Obama better brush up on Red State geography…
flockwoodBarack Obama better get out a map of the United States and study it closely between now and November. And he’d better drum up some better excuses for why he’s so wildly unpopular in Kentucky. This week, Ryan Alessi of the Lexington Herald-Leader asked the Illinois senator why he is trailing Hillary Clinton so badly in the polls in the Bluegrass State and here’s Obama’s geographically-challenged reply:
“What it says is that I’m not very well known in that part of the country,” Obama said. “Sen. Clinton, I think, is much better known, coming from a nearby state of Arkansas. So it’s not surprising that she would have an advantage in some of those states in the middle.”

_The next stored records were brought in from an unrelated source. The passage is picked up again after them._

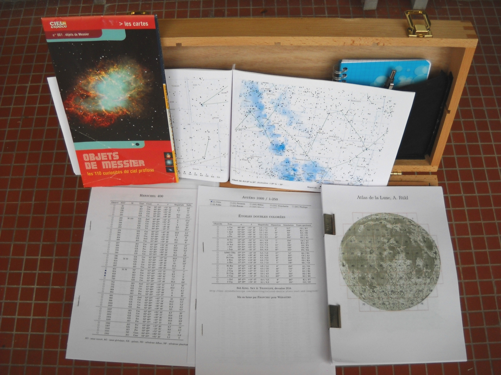 - une copie simplifiée et en taille réduite de l'Atlas de la Lune de Rükl (faite par mes soins, j'ai le vrai bouquin)
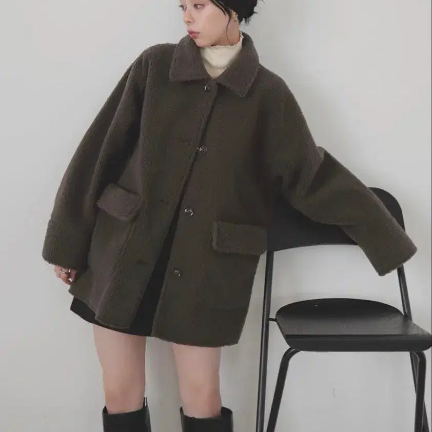 LIAN 보아 무스탕 스텐카라 코트 차콜 그레이
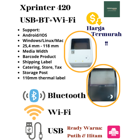 X-Printer Bare 420B Tipe (USB, BT, WIFI) - X-Printer Print Resi 100 PERSEN Berkualitas
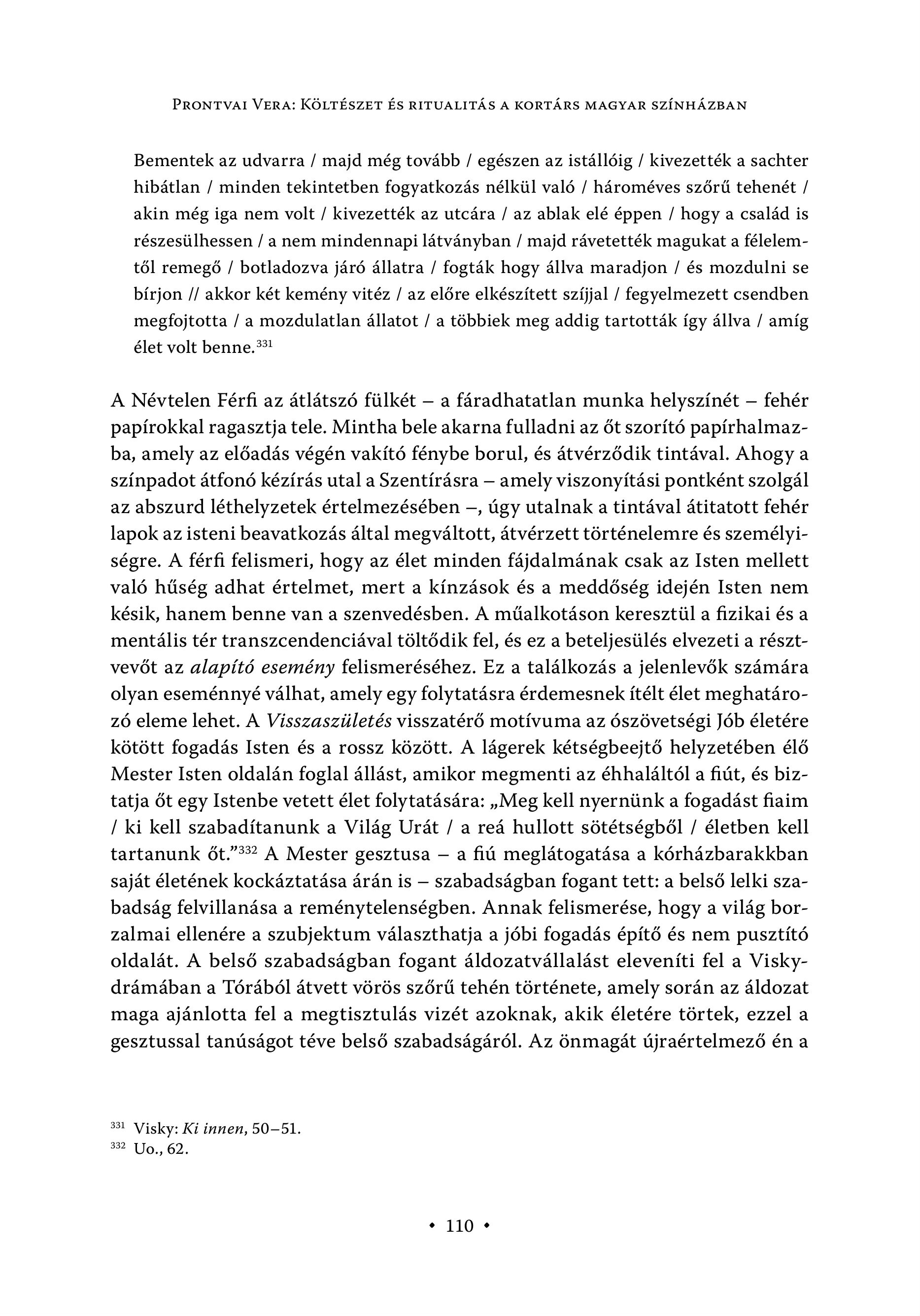 PRONTVAI VERA: KÖLTÉSZET ÉS RITUALITÁS A KORTÁRS MAGYAR SZÍNHÁZBAN Bementek az udvarra / majd még tovább / egészen az istállóig / kivezették a sachter hibátlan / minden tekintetben fogyatkozás nélkül való / hároméves szőrű tehenét / akin még iga nem volt / kivezették az utcára / az ablak elé éppen / hogy a család is részesülhessen / a nem mindennapi látványban / majd rávetették magukat a félelemtől remegő / botladozva járó állatra / fogták hogy állva maradjon / és mozdulni se bírjon // akkor két kemény vitéz / az előre elkészített szíjjal / fegyelmezett csendben megfojtotta / a mozdulatlan állatot / a többiek meg addig tartották így állva / amíg élet volt benne. A Névtelen Férfi az átlátszó fülkét — a fáradhatatlan munka helyszínét — fehér papírokkal ragasztja tele. Mintha bele akarna fulladni az őt szorító papírhalmazba, amely az előadás végén vakító fénybe borul, és átvérződik tintával. Ahogy a színpadot átfonó kézírás utal a Szentírásra — amely viszonyítási pontként szolgál az abszurd léthelyzetek értelmezésében -, úgy utalnak a tintával átitatott fehér lapok az isteni beavatkozás által megváltott, átvérzett történelemre és személyiségre. A férfi felismeri, hogy az élet minden fájdalmának csak az Isten mellett való hűség adhat értelmet, mert a kínzások és a meddőség idején Isten nem késik, hanem benne van a szenvedésben. A műalkotáson keresztül a fizikai és a mentális tér transzcendenciával töltődik fel, és ez a beteljesülés elvezeti a résztvevőt az alapító esemény felismeréséhez. Ez a találkozás a jelenlevők számára olyan eseménnyé válhat, amely egy folytatásra érdemesnek ítélt élet meghatározó eleme lehet. A Visszaszületés visszatérő motívuma az ószövetségi Jób életére kötött fogadás Isten és a rossz között. A lágerek kétségbeejtő helyzetében élő Mester Isten oldalán foglal állást, amikor megmenti az éhhaláltól a fiút, és biztatja őt egy Istenbe vetett élet folytatására: , Meg kell nyernünk a fogadást fiaim / ki kell szabadítanunk a Világ Urát / a reá hullott sötétségből / életben kell tartanunk őt."?? A Mester gesztusa — a fiú meglátogatása a kórházbarakkban saját életének kockáztatása árán is — szabadságban fogant tett: a belső lelki szabadság felvillanása a reménytelenségben. Annak felismerése, hogy a világ borzalmai ellenére a szubjektum választhatja a jóbi fogadás építő és nem pusztító oldalát. A belső szabadságban fogant áldozatvállalást eleveníti fel a Viskydrámában a Tórából átvett vörös szőrű tehén története, amely során az áldozat maga ajánlotta fel a megtisztulás vizét azoknak, akik életére törtek, ezzel a gesztussal tanúságot téve belső szabadságáról. Az önmagát újraértelmező én a 331 Visky: Ki innen, 50—51. 332 TJo., 62. s 110 "
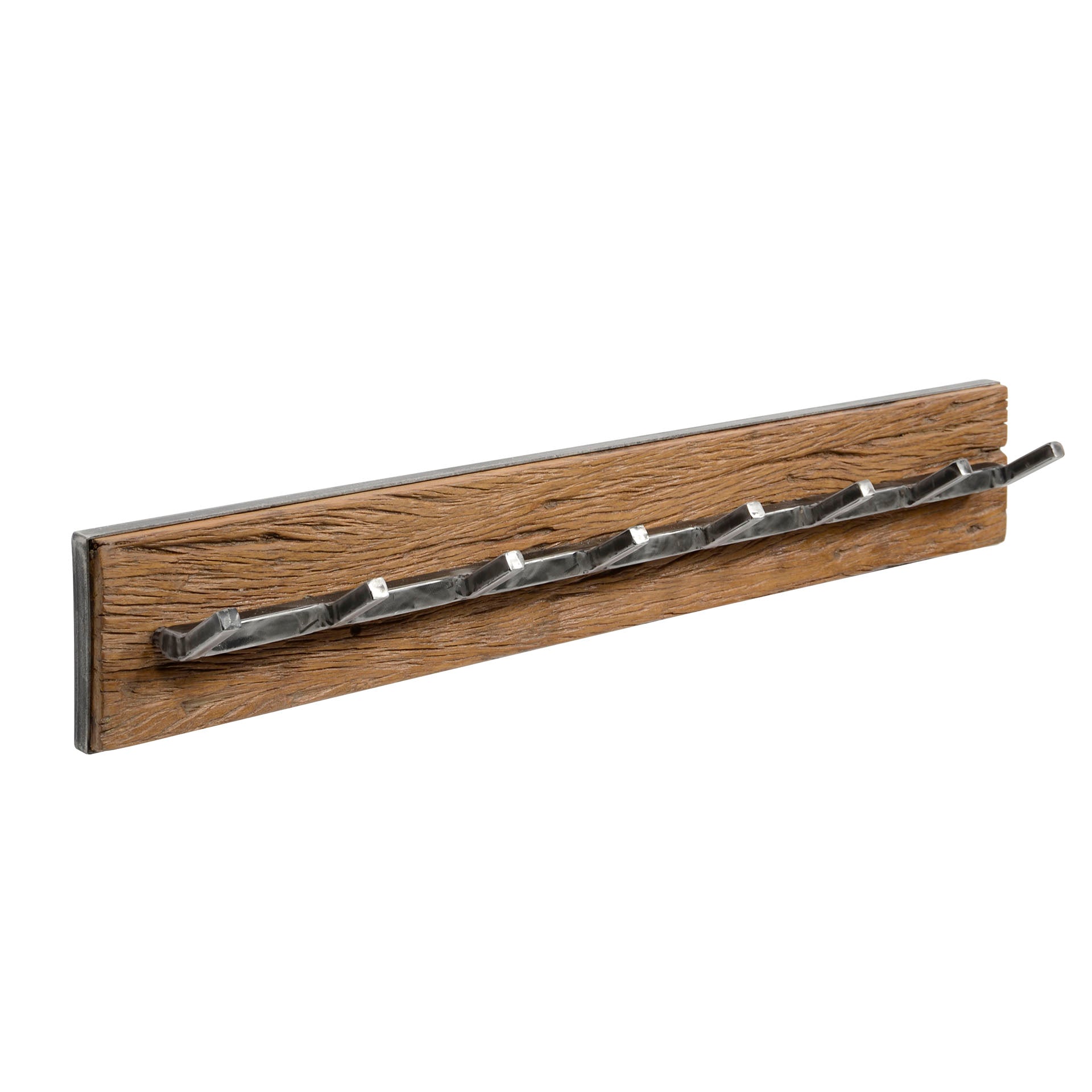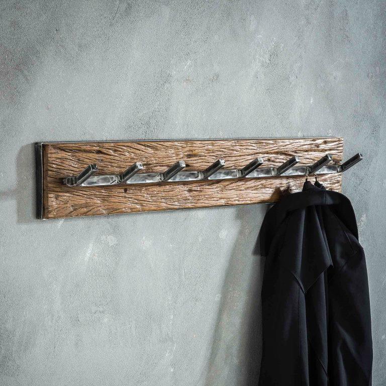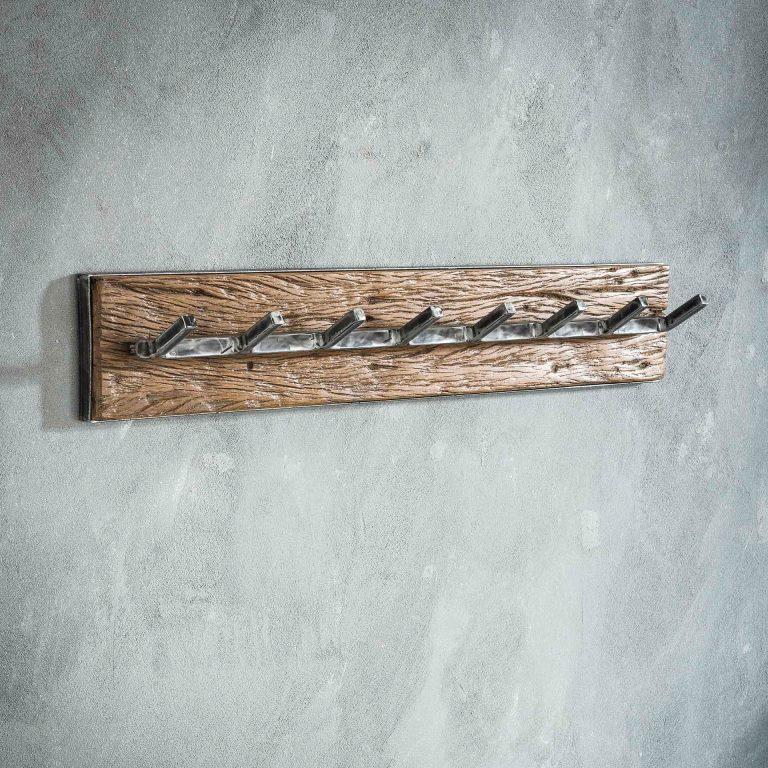 Klassisk knagerække udført i tidens trendy materialer, genbrugstræ og otte knager patineret sort metal. Træet er genbrug fra bl.a. nedrivningshuse og derfor er der ikke to knagerækker der er helt ens.
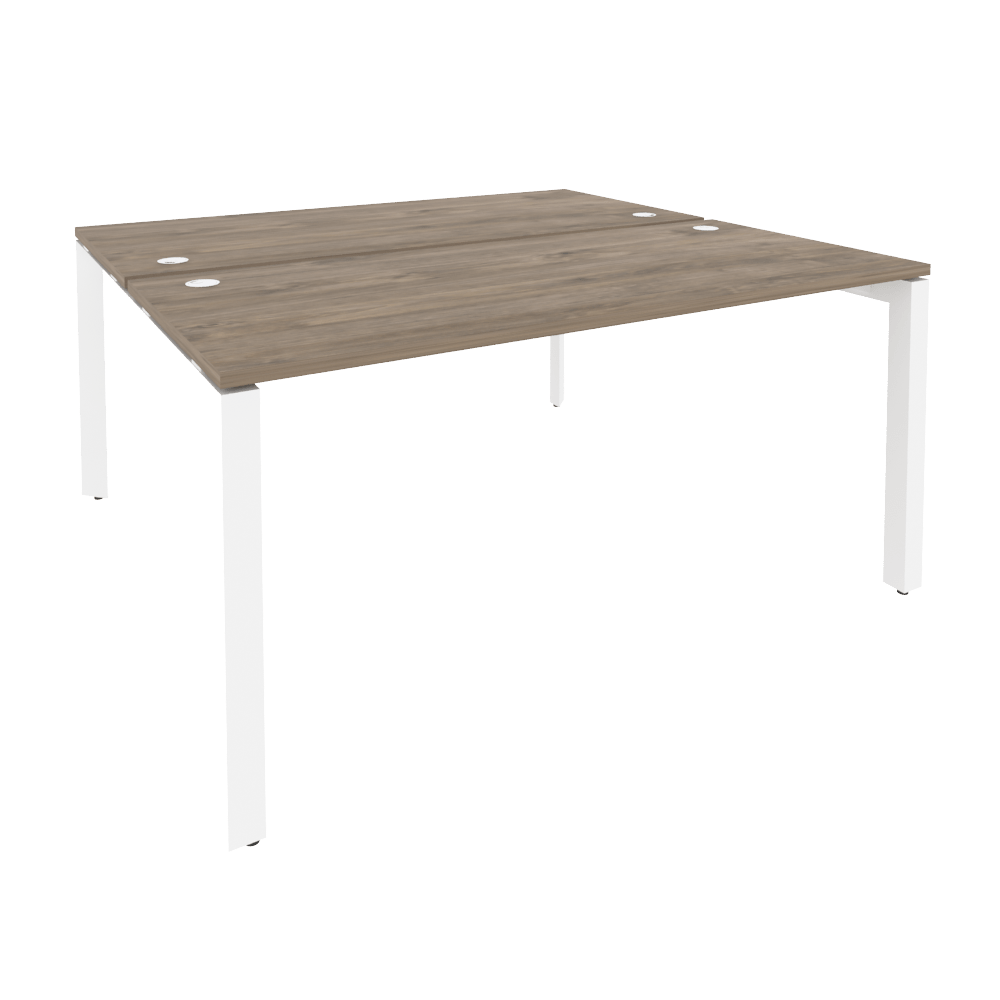 Бенч-система 2 рабочих на П-образном металлокаркасе Onix O.MP-D.RS-2.4.7 Тиквуд темный/Белый металл1580x1475x750
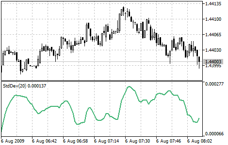 Технический индикатор Стандартное отклонение (Standard Deviation, StdDev) измеряет волатильность рынка. Этот индикатор характеризует размер колебаний цены относительно скользящего среднего. Так, если значение индикатора велико, то рынок является волатильным и цены баров достаточно разбросаны относительно скользящего среднего. Если значение индикатора невелико, рынок характеризуется низкой волатильностью и цены баров достаточно близки к скользящему среднему.
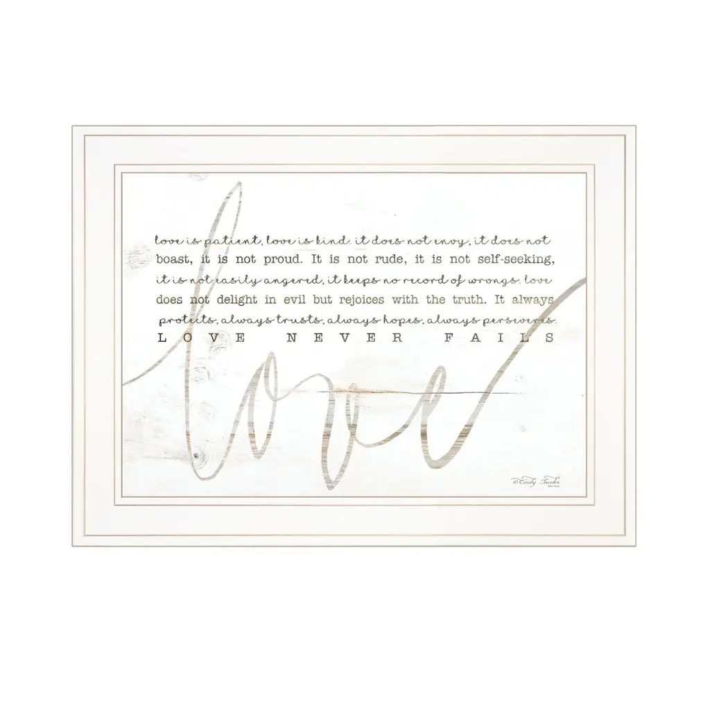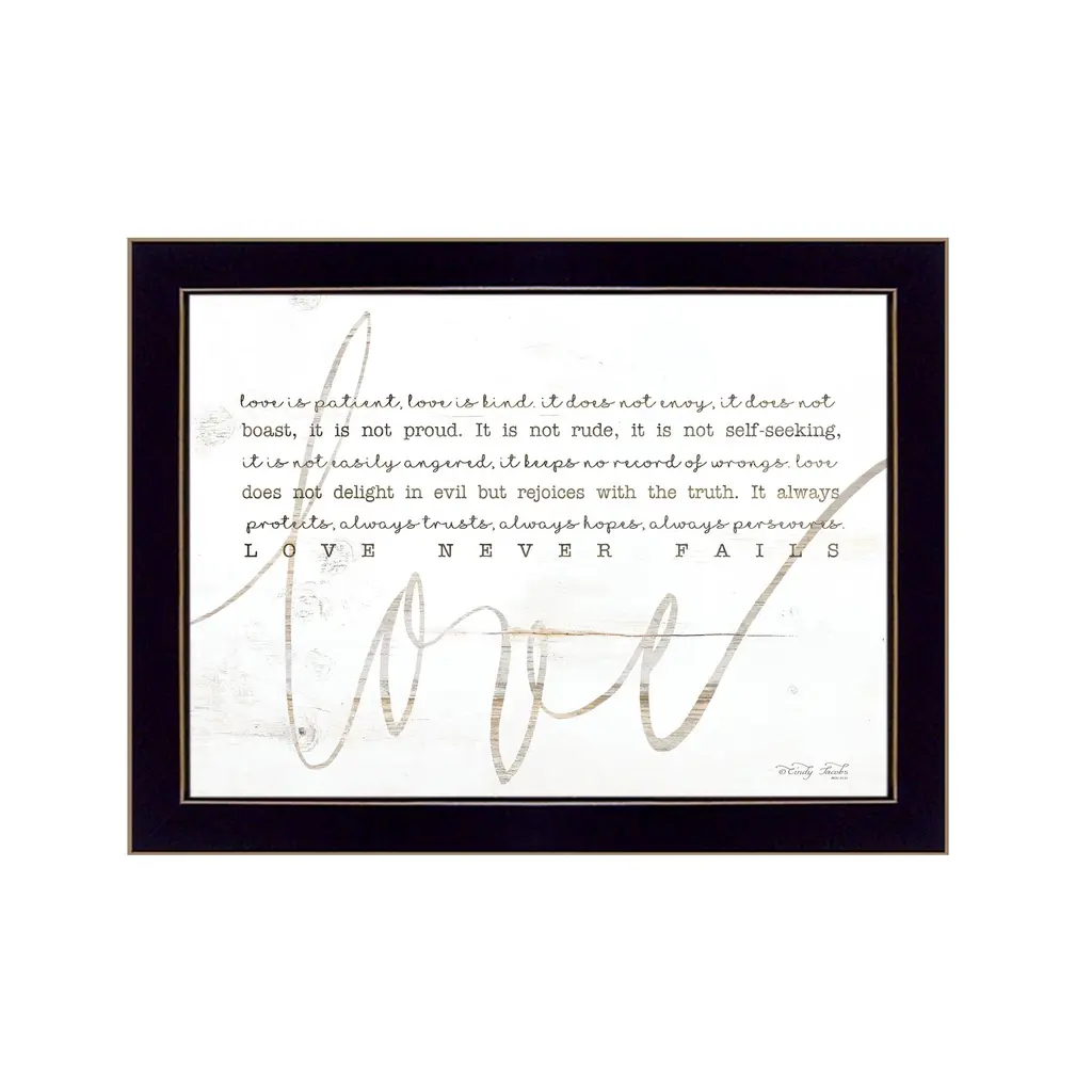 Trendydecor4u Traditional "Love Never Fails" Framed Print Wall Art By Cindy Jacobs - White, Tan, Black - 14 X 18 - Black

The nearby state of Arkansas? Better get out a road map. “That part of the country” — Kentucky – borders Illinois! Arkansas, by the way, does not border Kentucky.
And Kentucky’s population centers are far closer to the Land of Lincoln than to the Land of Clinton. Louisville to Chicago? It’s only a 298-mile trip. Louisville to Little Rock? It’s 521 miles. Likewise, Lexington and the Cincinnati suburbs in Northern Kentucky are all a lot closer to Obama’s front door than to the Arkansas governor’s mansion that Hillary called home…
To read Alessi’s story, click here.
May 17th, 2008 at 8:29 am
I will say this, there have been some pretty wild commenting e mails circulating around here along with some disturbing almost white supremacy comments that have hurt him. When out and about talking politics, the conversation comes back to the basis of those emails. Want to read some interesting and scary comments, log on to the state journal in Frankfort KY and read some of the forums. Its scary that people can think that way.
May 17th, 2008 at 1:28 pm
To be fair, Arkansas and Kentucky aren’t very far apart. At the closest point (near Piggot, Arkansas, to the Kentucky Bend) the distance is barely 30 miles.
Obviously there’s a lot more to “sameness” than geographic proximity. In terms of culture and political issues, Kentucky might be a lot closer to Arkansas than to urban Illinois. North and South and all that. No one would say that Watts and Beverly Hills are basically the same place just because they are a few miles apart.